Using a decibel meter can be tricky. How close is the meter to the bow? Are you shooting inside or outside? How close is the target? Sometimes, depending on target material, impact can be louder than the bow itself. This can over ride the signal you're actually looking for. Heck even walking back and forth to shoot and then check the meter can over ride your signal.
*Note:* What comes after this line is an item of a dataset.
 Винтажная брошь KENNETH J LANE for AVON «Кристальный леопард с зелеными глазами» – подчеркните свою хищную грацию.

Its helpful to use 2 people, one to shoot and one to run the meter and record results Is your meter digital with a MIN/MAX or Peak Hold function? 
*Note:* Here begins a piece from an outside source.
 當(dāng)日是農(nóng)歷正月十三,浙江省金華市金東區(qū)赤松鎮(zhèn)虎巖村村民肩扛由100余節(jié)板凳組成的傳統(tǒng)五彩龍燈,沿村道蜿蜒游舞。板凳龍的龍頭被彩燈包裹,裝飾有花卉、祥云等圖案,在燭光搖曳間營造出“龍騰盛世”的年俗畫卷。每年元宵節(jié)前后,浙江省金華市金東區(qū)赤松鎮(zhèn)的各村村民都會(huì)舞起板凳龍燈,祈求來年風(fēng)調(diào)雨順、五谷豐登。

Set up outside, with your meter say about 10 feet from the shooter, with another person to monitor the meter, and set your target (Really its just there to catch the arrows) WAAAAYYY down range and I bet you'll get significantly different, lower, readings.


----------



## MGF (Oct 27, 2012)

If I were serious about measuring bow noise, I would use a spectrum analyzer or an O-scope. That would let me isolate the part I was interested in...ie ignore target impact and baseline ambient "noise". You could also mount an accelerometer to the bow and directly measure vibration displacement and frequency, although, that wouldn't translate directly to perceived sound.
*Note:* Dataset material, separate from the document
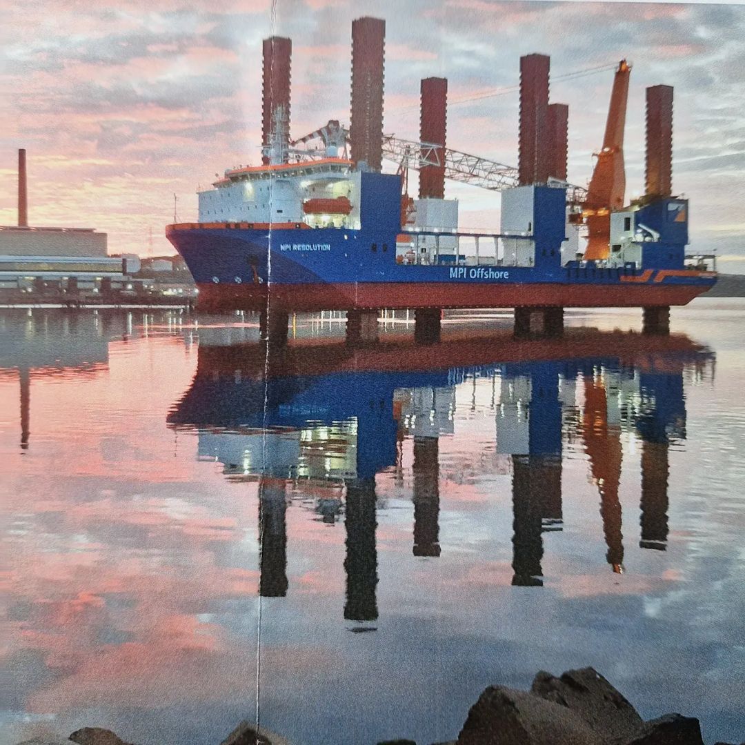 In 2020 Stuart had to "make up the rules" when the wind farm construction ship, MPI Resolution needed to "Lock Down" in his harbour. Being able to "jack up" on its own legs, it became a temporary island in his port - problem sorted!

All that said, I'm not sure why I would bother. LOL my bows seem to shoot pretty quiet IF I shoot them well.


----------



## dan in mi (Dec 17, 2009)

MGF said:


> If I were serious about measuring bow noise, I would use a spectrum analyzer or an O-scope. That would let me isolate the part I was interested in...ie ignore target impact and baseline ambient "noise". You could also mount an accelerometer to the bow and directly measure vibration displacement and frequency, although, that wouldn't translate directly to perceived sound.
> 
> All that said, I'm not sure why I would bother. LOL my bows seem to shoot pretty quiet IF I shoot them well.


This ^ plus frequency.


----------



## Still mustang (Jan 22, 2014)

My testing is not scientific by any means. I can say that last night I made some Wool Puff balls for my Red Wing. 30 wraps at 3.5". This made a big difference to the ear but not so much to the Decibel App on my IPhone. They did appear to make a difference to the speed of the bow, POI of impact about 2-3 inches lower at 25yrds. 
I'm not sure what differences can be made when shooting at Whitetails. At 10-15 yrds I'm not sure a deer could move fast enough to alter POI enough to matter. At 15+ I think that yes they can but can you get a bow quiet enough to matter?
I hunt mostly on the ground and I think that matters to but I don't know that.


----------



## BarneySlayer (Feb 28, 2009)

If you want to measure sound level with an SPL meter...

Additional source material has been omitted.